Monday, May 30, 2011

Connected Home and the web of screens

In attending and speaking at the Connected Home Global Summit 2011 in London last week I was introduced to, at least parts of, the industry of the connected home. With an emphasis on media the conference made a pretty good job at conveying the state of the industry.

The focus was definitely on tablets as the second screen of choice. Not surprising.

What is surprising is that no-one seem to focus on performance. We are adding features en masse to the wall mounted screen at home, yet, your average connected TV at home is slow beyond comparison.

The one manufacturer that actually takes the leap of faith and produces a "snappy" TV experience will win. Not only the consumers but also the developers. As we all know, it is the developers you want. As history will tell you, this happend to the mobile industry with the advent of the iPhone and will happen to the TV industry as well. This is obviously not only up to the TV manufacturer as we are expecting more and more of the content to be delivered OTT and we need to ensure that end-to-end delivery of content has the quality of experience that we are all expecting.

Do let me know if you know about a TV platform that I ought to check out based on it's performance in combined execution speed and openness for developers.

Being about the Connected Home there was a lot of presentations with a focus on what operators and manufacturers have in their current portfolio. A lot less of forward looking predictions.

My prediction is that we will see a Web of Screens, taking off in the research around Web of Things. When all screens are connected to the web we all of a sudden need much more sophisticated discovery and control functions than is currently in place in DLNA or other offerings such as AirPlay.

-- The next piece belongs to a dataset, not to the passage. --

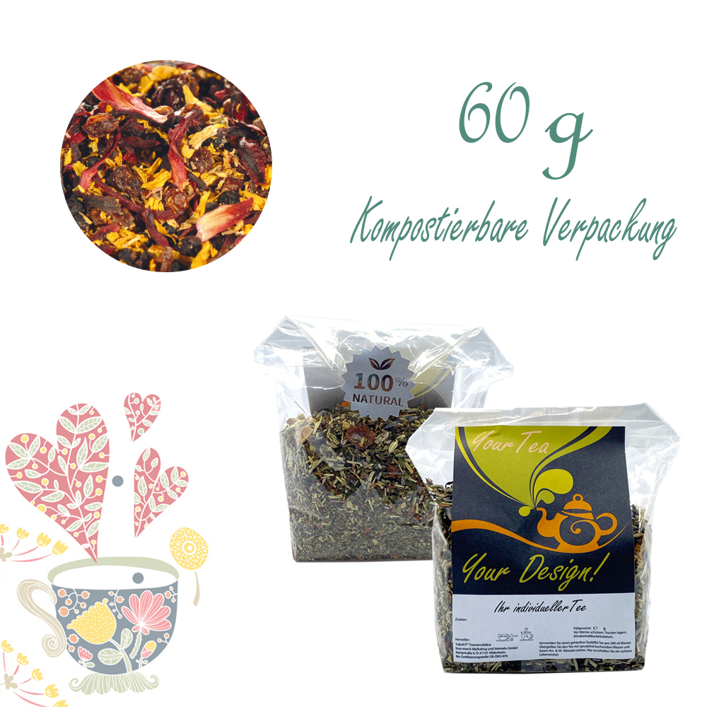 Hibiskusblüten, Sanddornbeeren (23%), Attichbeeren, Holunderbeeren (8%), Aroma, Sonnenblumenblüten.

This will take a fundamental understanding of which screens that are relevant for you in any given context. If implemented right, perhaps we will actually lose the cable and get to the point where we are truly Un-Connected.

Thursday, February 10, 2011

Notes from the second W3C Web+TV workshop

I've now spent two days in Berlin at Fraunhofer FOKUS for the second W3C Web+TV workshop. For me, this is an eye-opener. Bringing the Web and TV world together is not without struggle, although at a distance it looks so easy.

Web technologies in your TV has been around for some 10 years, mostly unnoticed by the end-user. There are some real attempts at bridging this from most of the major manufacturers and obviously the GoogleTV platform that is first being delivered by Sony.

The workshop addressed many different areas from basic use cases, adaptive streaming, content protection to accessibility discussions.

There was much discussion about the "second screen" or actually any other screen but the TV set itself. Most of these presentations revolved around how these other screens could be synced with the content being displayed on the main TV set. In practice, letting the broadcaster ensure that you get an inclusive experience related to the programming you are watching at the moment.

The second screen is also being viewed as the remote control going forwards. What I liked very much was the open discussion about API:s, allowing web (or other) applications to start controlling your TV experience. When put into practice it would potentially enable web services like tv.nu to change the channel on your set.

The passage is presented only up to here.